--Bayer shares slipped after the company cut its views amid lower demand in the agricultural sector

--The chemicals and pharma major announced billions of euros in cost cuts, but said even that may not offset declining sales

--Bayer has had bad news every year since its mega-deal to buy agricultural-products company Monsanto, Bryan Garnier analysts said

 
 

By Joshua Kirby

 

Shares in Bayer AG plunged on Thursday morning after it set new guidance and announced billions in cost cuts amid falling demand for agricultural products, an area that has been hit harder than expected by the coronavirus pandemic.

The German chemicals-and-pharmaceuticals company said late on Wednesday that it now expects sales to be flat in 2021, having previously guided for sales growth of around 4%. The company also said it expects its core earnings-per-share for 2021 to be below this year's level at constant exchange rates.

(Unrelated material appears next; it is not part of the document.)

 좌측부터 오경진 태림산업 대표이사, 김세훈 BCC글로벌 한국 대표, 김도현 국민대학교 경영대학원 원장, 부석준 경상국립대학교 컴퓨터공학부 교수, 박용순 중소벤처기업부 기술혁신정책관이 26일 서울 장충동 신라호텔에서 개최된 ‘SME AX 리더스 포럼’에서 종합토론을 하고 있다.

Bayer said it targets operational savings of more than 1.5 billion euros ($1.76 billion) a year as of 2024, which come on top of existing plans to cut EUR2.6 billion a year in costs from 2022.

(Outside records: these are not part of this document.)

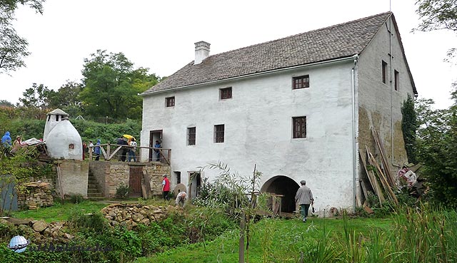 Mohács felé visszatérve láttuk zuhogó esőben a Csele-patak hídjánál az emlékművet. II. Lajos itt (vagy a közelben) fulladt a megáradt patakba. Újabban több orgánum is felveti, hogy mégsem végzetes baleset, hanem királygyilkosság történt. De ez olyan régen volt, bizonyító erejű dokumentumot nem tudnak felmutatni, Brodarics szerémi püspök emlékezése szinte az egyetlen támpont. A mohácsi csata okozta katasztrófán ez úgysem változtatott semmit. A Csele-patak nem csak a szerencsétlen II. Lajosról híres. A patak hajdan négy malmot is forgatott az 1721-i mohácsi adójegyzék szerint. Három jelenleg átalakítva lakóház, nyaraló. A negyedik viszont igen romos állapotban leledzett, amikor Mohácsi Bugarszki Norbert (akit Majson ismertünk meg) ráakadt és beleszeretett. Sok tanakodás után 2007-ben vette meg, és a romos épületet megint csak a két kezével, sok-sok munkával rendbe hozta. Sajnos víz már nem folyik a malomcsatornában, helyette villanymotor működteti az őrlőköveket. Láttuk is a malomköveket, és megtudtuk hogy mit is csinált a harmadik tarka macska a malomban: „…harmadik követ vág”, vagyis vésővel érdesíti a malomkő felületét. A hatalmas malomépületben valóságos malomtörténeti kiállítás látható: kézi malmok (Kipróbáltam. Szörnyű nehéz forgatni), hengerszékek, sziták, stb. Az udvaron kenyérsütő kemence, mészégető kemence. A legfelső emelet a vendégfogadásé, gyermekcsoportok, esküvők rendezésére alkalmas. A patakmalmot jelenleg a mohácsi Városvédő egyesület működteti, de a mindenes továbbra is Norbert. A malom előzetes időpont egyeztetés után látogatható, belépődíj 300 Ft.
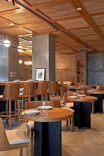 - Атмосфера и дизайн: Дизайн от T.ZED Architects – это современный минимализм с индустриальными нотками. Просторное помещение с высокими потолками, бетонные поверхности, натуральное дерево, открытая кухня, где можно наблюдать за работой поваров у огня. Атмосфера здесь живая, динамичная, но при этом достаточно расслабленная. Идеально для тех, кто ценит неформальный шик и кухню с характером.
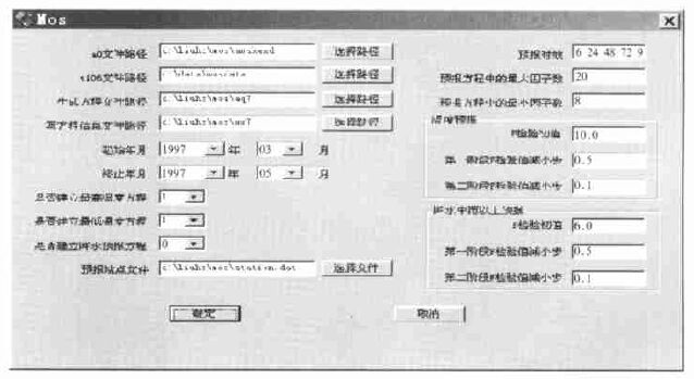 在回归计算前,以图 2 界面通过设置一定的参数,如确定最小因子数、最大因子数、初设Fα值等,并以批量形式建立全国约2230个站点的最高最低温度、最高最低相对湿度、日最大风速、日降水量、总、低云量及能见度等逐要素逐时效共约22万个预报方程。
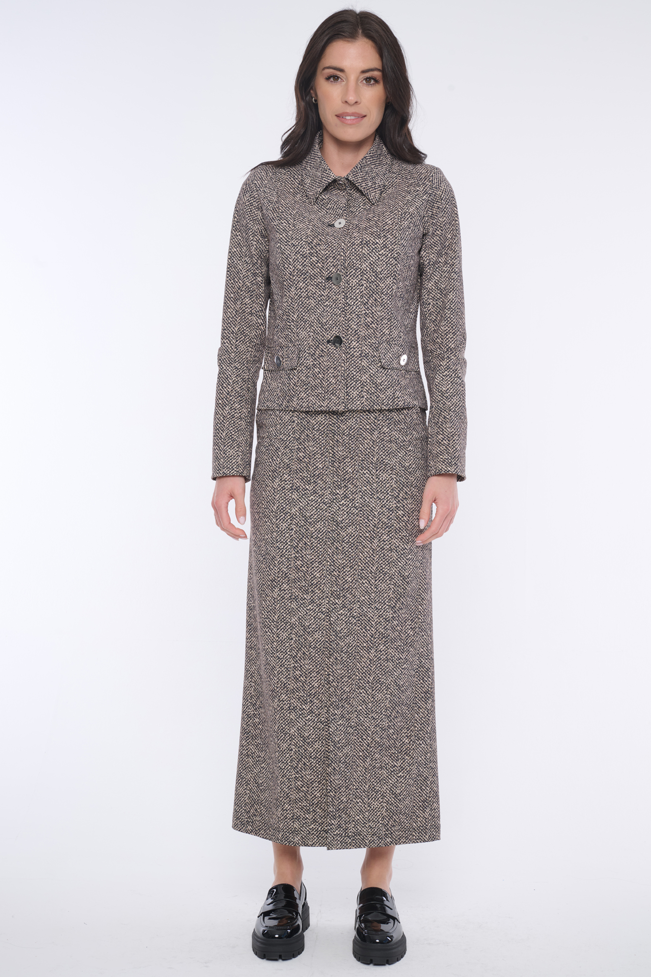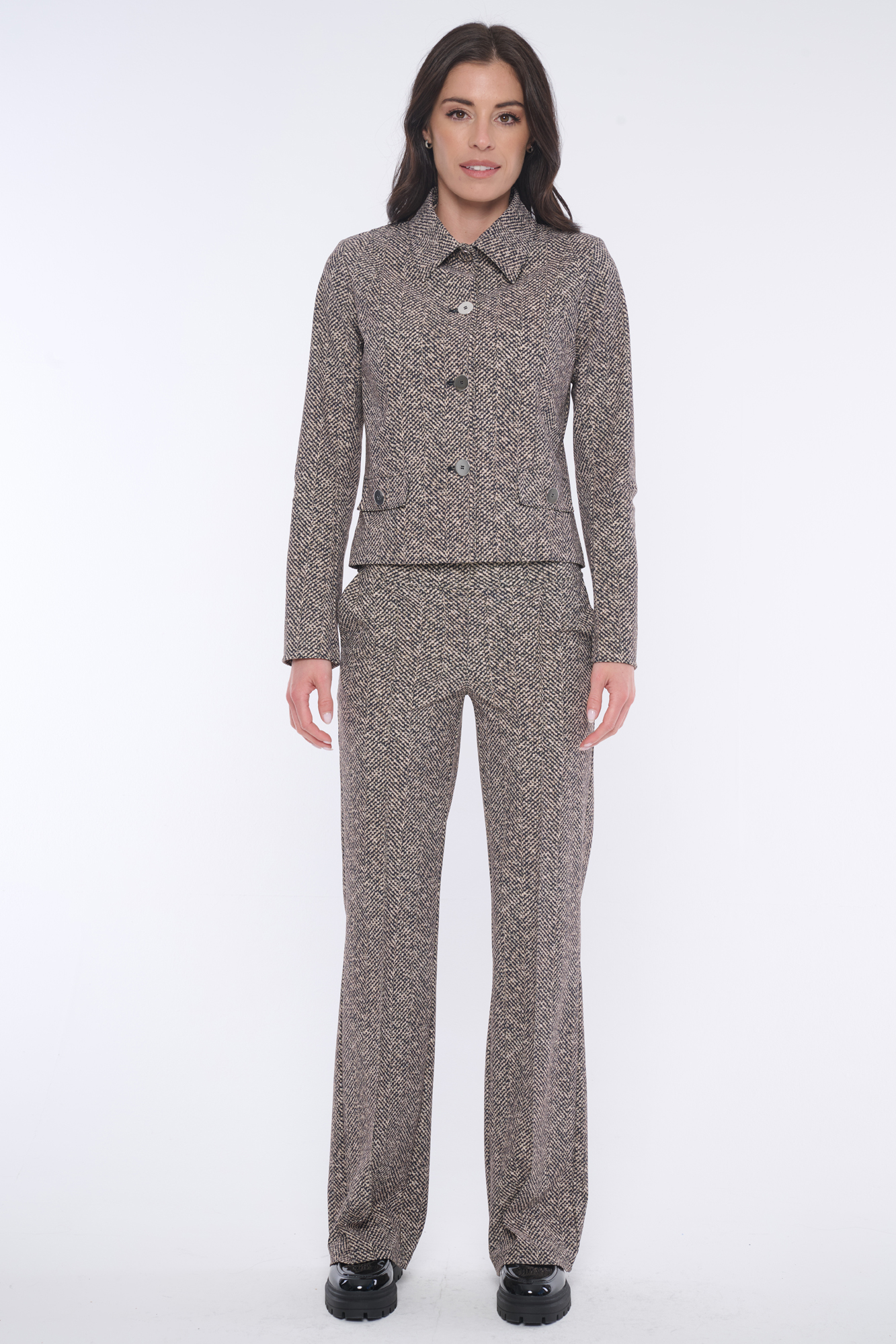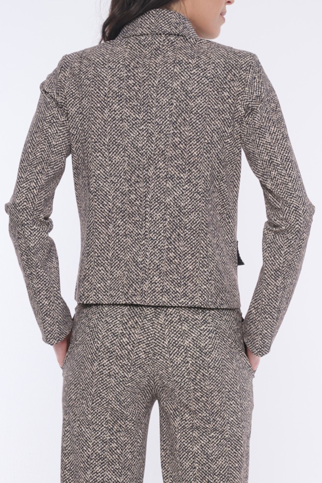 Tyto sako je vhodné nosit samostatně k uni kalhotům nebo jako módní kalhotový kostým společně s tvídovými kalhoty ze stejné kolekce.

The cost cuts aren't expected to entirely offset declining sales, meaning Bayer now also expects to miss its cash-flow targets for 2021.

At 0847 GMT, Bayer shares were down 10% at EUR47.95.

Analysts at Bryan Garnier said that since Bayer acquired crop-science business Monsanto, it "has delivered its basket of bad news every year and it is clear now that the group will not deliver the revenue growth expected at the time of this acquisition."

Bryan Garnier downgraded the stock to sell from neutral on Thursday, and said the lack of visibility in Bayer's crop-science and pharma division should weigh on the share price.

"Like most companies, the COVID-19 pandemic has led to headwinds in the 2020 fiscal year for Bayer, with significant currency effects presenting an additional burden on sales and earnings growth," Bayer said.

In the crop-science division, the company said biofuel consumption is falling amid low commodity prices for major crops, while competition in the soy market is increasing.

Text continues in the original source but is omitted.